His eyes flick down. Back up. “You threatenin’ me now?” he asks, voice rougher.

I meet his gaze. Dead calm. “I’m remindin’ you where you are.”

Silence stretches. The heater hums uselessly.

Then he exhales, scrubbing a hand over his mouth. “Christ. Fine. No offence meant.”

“Good,” I say, withdrawing my hand, smoothing my sleeve. Lady again. “Because I’d hate for the craic to sour.”

He nods once. “Price stands then?”

“Aye,” I say. “Take it or leave it.”

He glances back at the crate. At his men. Then back to me.

“…Deal.”

I incline my head. “Dead on.”

The tension eases, but not fully. It never does. And somewhere deep in my chest, something tight and familiar hums— a warning note, low and waiting. Like a string pulled too far, too fast.

The crate is sealed again. Money’s been counted twice.

Hands have been shaken—not warmly, but firmly enough to mean something.

The tension hasn’t gone, but it’s settled into something workable.

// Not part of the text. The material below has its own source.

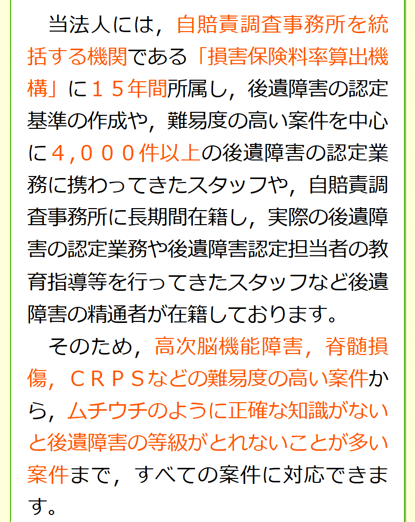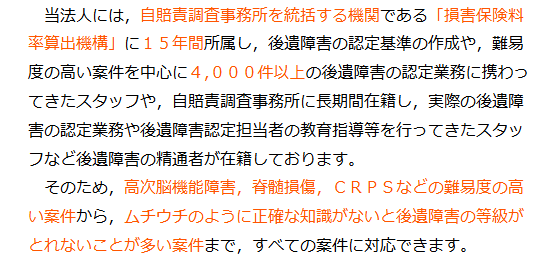 当法人には,後遺障害の等級を認定する機関に勤めていた経験を有するものが複数名在籍しております。

That’s usually how it ends. Declan lights a cigarette without asking.

Typical. I don’t comment. He’s already won his small victory.

“Fair play, Lady Malloy,” he says around the smoke. “Didn’t think I’d enjoy the craic, but here we are.”

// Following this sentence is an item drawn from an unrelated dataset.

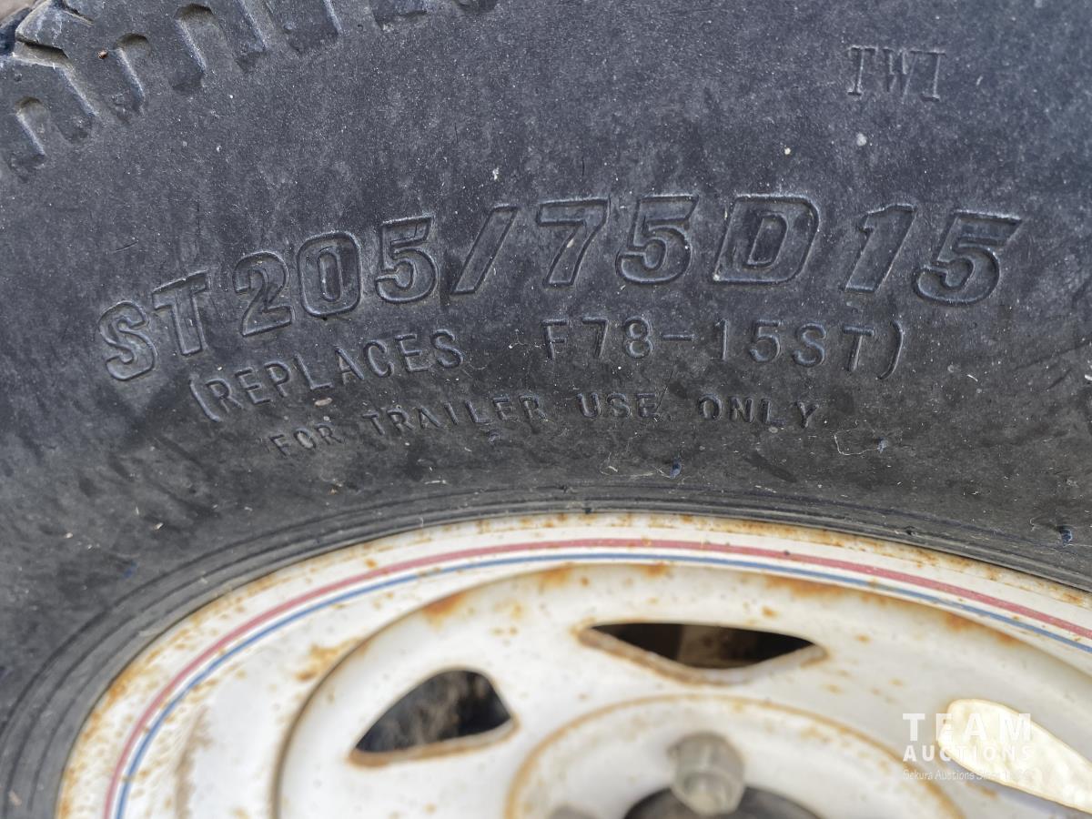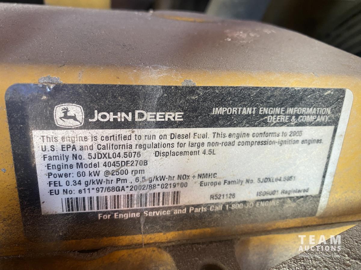 4 cylinder JD diesel engine, gauges, w/hose, tongue hitch, ST205/75D15 tires.

I arch a brow. “Don’t get sentimental. It doesn’t suit you.”

He laughs, rough and loud. “Aye, well. You’re not half bad company—for a woman sellin’ guns.”

I smile again. Easy. Controlled. The sort that invites another drink, another word, another mistake.

“Careful,” I say lightly. “You’re nearly soundin’ fond.”

He grins. “Wouldn’t go that far.”

The lads start moving—closing crates, shouldering bags, drifting toward the vans outside. The meeting is winding down the way it should. Clean. Efficient. Forgettable.

That’s when the air changes. I feel it before I hear it. A pressure. Like the moment before a storm breaks. There’s a sharp crack—too loud to be a door, too wrong to be anything else. Gunfire. Not close. Not inside. Outside. By the vans.

Someone shouts. “What the feck—”

Another crack. A scream this time.

Declan swears, loud and ugly. “Get down!”

I’m already moving. The world narrows to sound and motion. I drop behind the table as splinters tear from the crate beside me. Wood explodes. Metal screams. The smell of gunpowder fills the air, sharp and choking.

This isn’t a warning. This is a hit. Men are shouting now—panicked, furious.

Boots pounding concrete. Someone fires back, wild and useless.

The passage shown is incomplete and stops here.